Sambal Wangma (English: Beyond The Fence) is a 1993 Indian Meitei language film directed by K. Ibohal Sharma and produced by Ph. Sobita Devi. The story of the film was written by Ph. Sobita Devi and screenplay by K. Ibohal Sharma. It stars Khun Joykumar, Parvati and Star Kamei in the lead roles. A. Bimola and Khun Joykumar are playback singers of the songs in the movie. The film won the National Film Award for Best Feature Film in Manipuri at the 41st National Film Awards. It was also selected for Indian Panorama of the International Film Festival of India 1994.

Synopsis
The film vocally speaks about social taboo with respect to marriage between close relatives and how such persons have been ostracised from the community.
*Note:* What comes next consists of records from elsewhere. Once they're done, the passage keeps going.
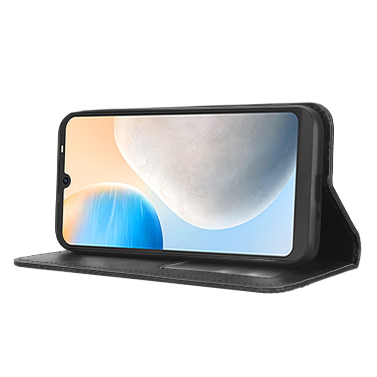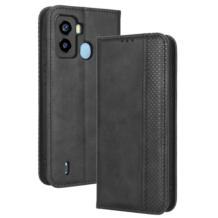 Funda para Tecno Pop 6 Be7 con Hebilla Magnética y Textura Retro de Cuero (Negro)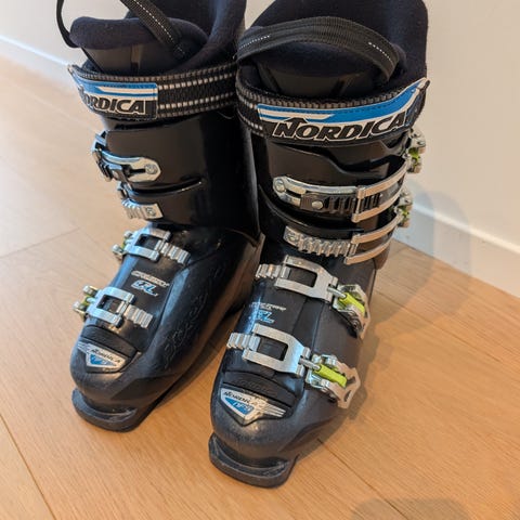 Gode slalåmsko til barna med en spenne, så veldig enkelt for barnet å spenne på seg selv.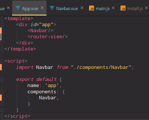 - 우선 라우터 간 이동을 하기 위한 Navbar를 MDB를 커스텀하여 하나 만들고 App.vue의 router-view위에 넣어줬다.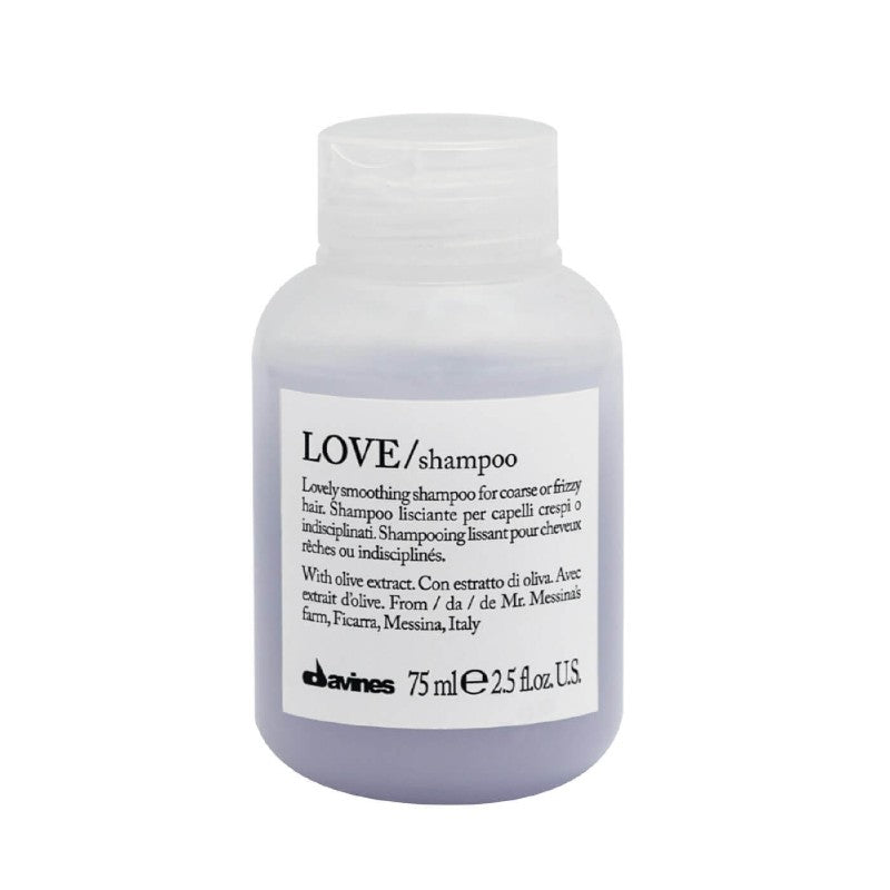 De Davines LOVE SMOOTHING Shampoo, een gladmakende shampoo voor kroezend of weerbarstig haar, die het haar zachtjes reinigt en glad maakt.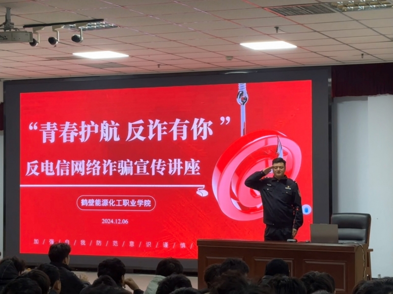為(wei) 進一步提升學生的反詐防詐意識,有效遏製電信網絡詐騙案件的發生,鶴壁能源化工職業(ye) 學院於(yu) 12月6日在綜合樓報告廳開展了反電信網絡詐騙宣傳(chuan) 講座。此次講座特邀鶴壁市公安局淇濱區分局反詐中心的民警原誌昂擔任主講嘉賓,學院300餘(yu) 名學生參會(hui) 。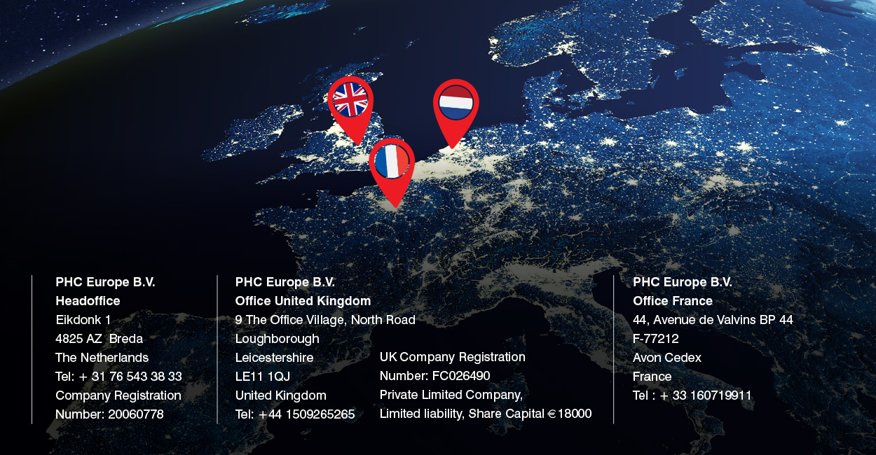 Unsere Produkte und Dienstleistungen werden durch gut etablierte und dynamische globale, regionale, nationale und lokale Netzwerke hochqualifizierter Mitarbeiter und maßgeschneiderter Einrichtungen geliefert. Mit mehr als 30 Jahren Fachwissen und Erfahrung ist PHC Europe gleichbedeutend mit Qualität in: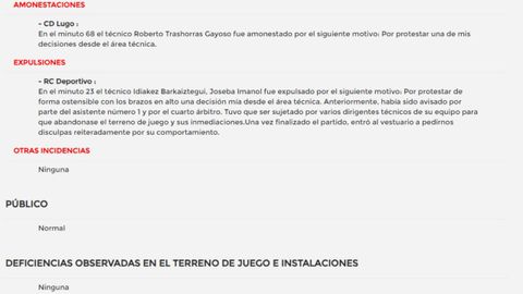 Tras el partido, el acta arbitral refleja, como motivo para la expulsión del técnico deportivista, «protestar de forma ostensible con los brazos en alto desde el área técnica». Asimismo, el escrito reconoce que Imanol Idiakez acudió al vestuario de los colegiados pidiendo «disculpas reiteradamente por su comportamiento».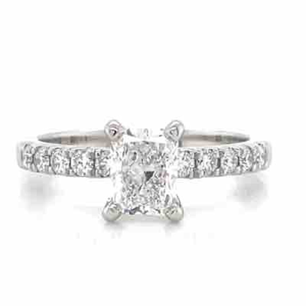 "Paula" Platinum 1.01ct D SI1 Radiant & 10=0.30ct FG SI Round Diamonds Ring - Created in the John Franich Collection - Crafted in luxurious platinum, this ring showcases a 1.01ct radiant-cut diamond, accented by round brilliant diamonds. A perfect harmony of brilliance and elegance.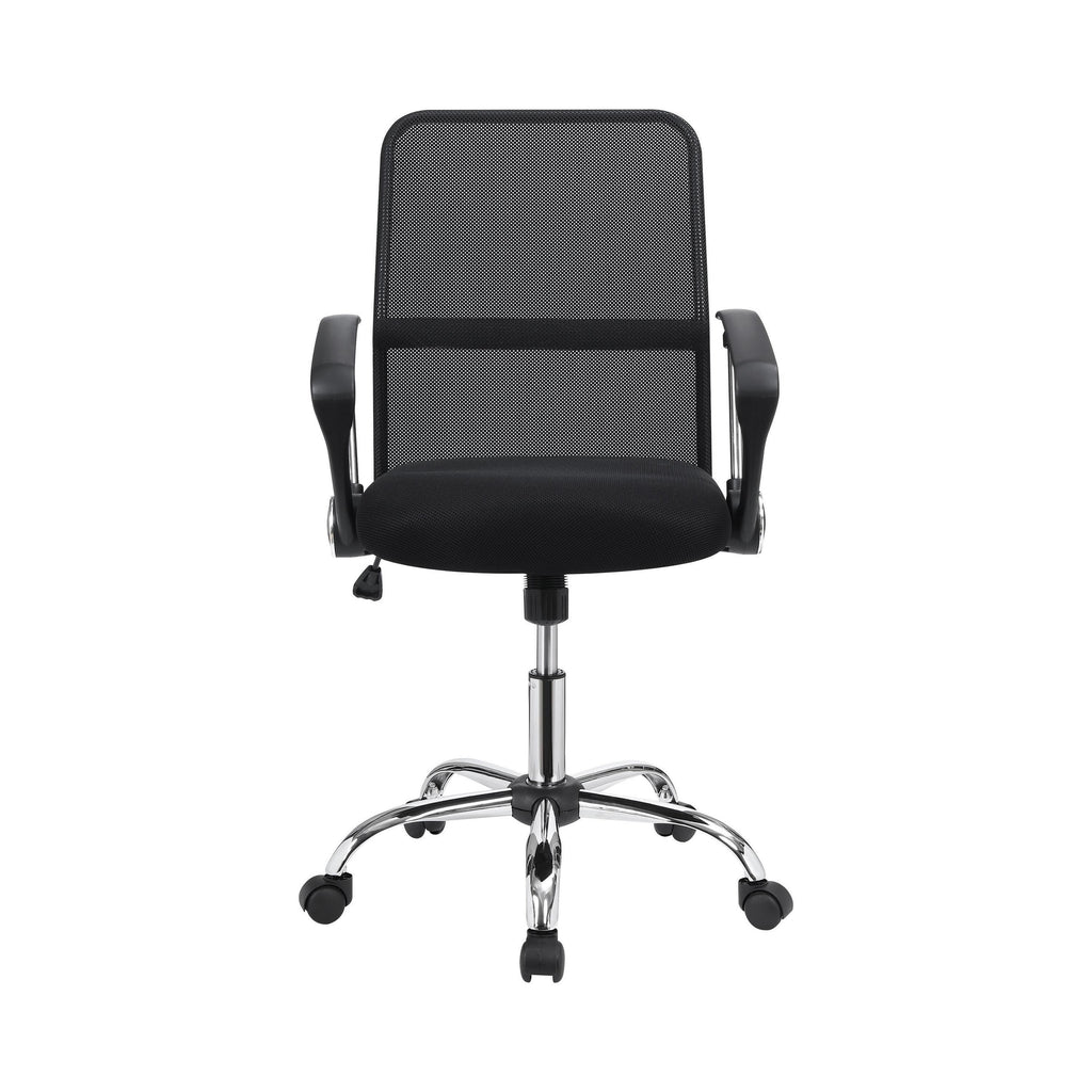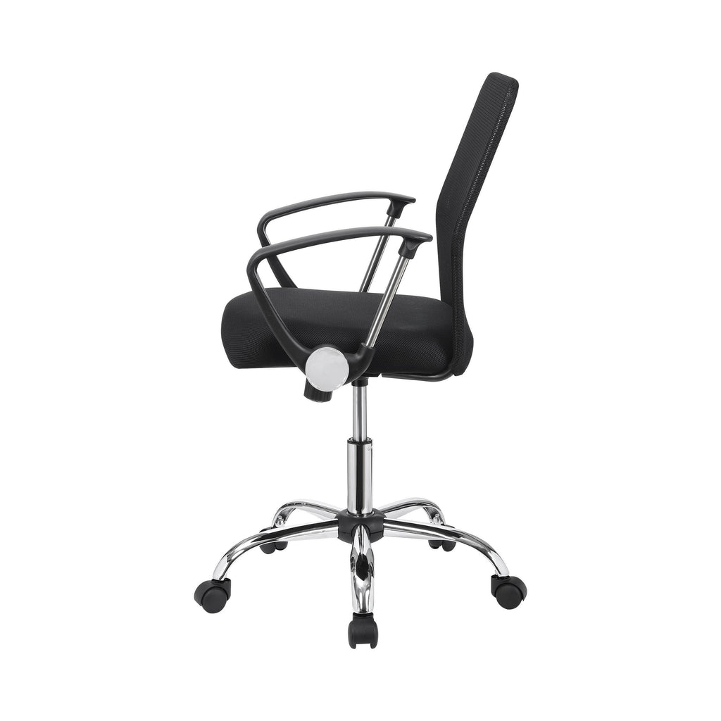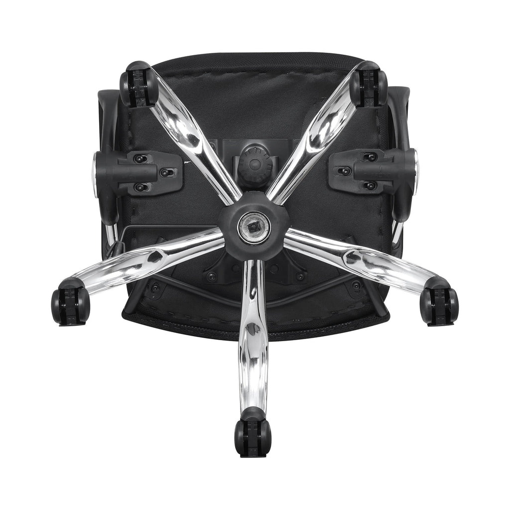 • Sleek black fabric paired with a shiny chrome base enhances office aesthetics

It also shows the different social set up of the Kabui and the Tangkhul communities inhabiting in the hills of Manipur.

Cast
 Khun Joykumar
 Parvati
 Star Kamei
 K. Jiten Sharma
 Ranibala
 Lamaru Kamei
 Tamphamani
 Jelu Kamei
 Bina
 Nilamai Sharma
 Hamom Sadananda

Accolades
The film won the Best Feature Film in Manipuri Award at the 41st National Film Awards. The citation for the award reads, "For correlating the integration of Man with Nature for the development of the human personality."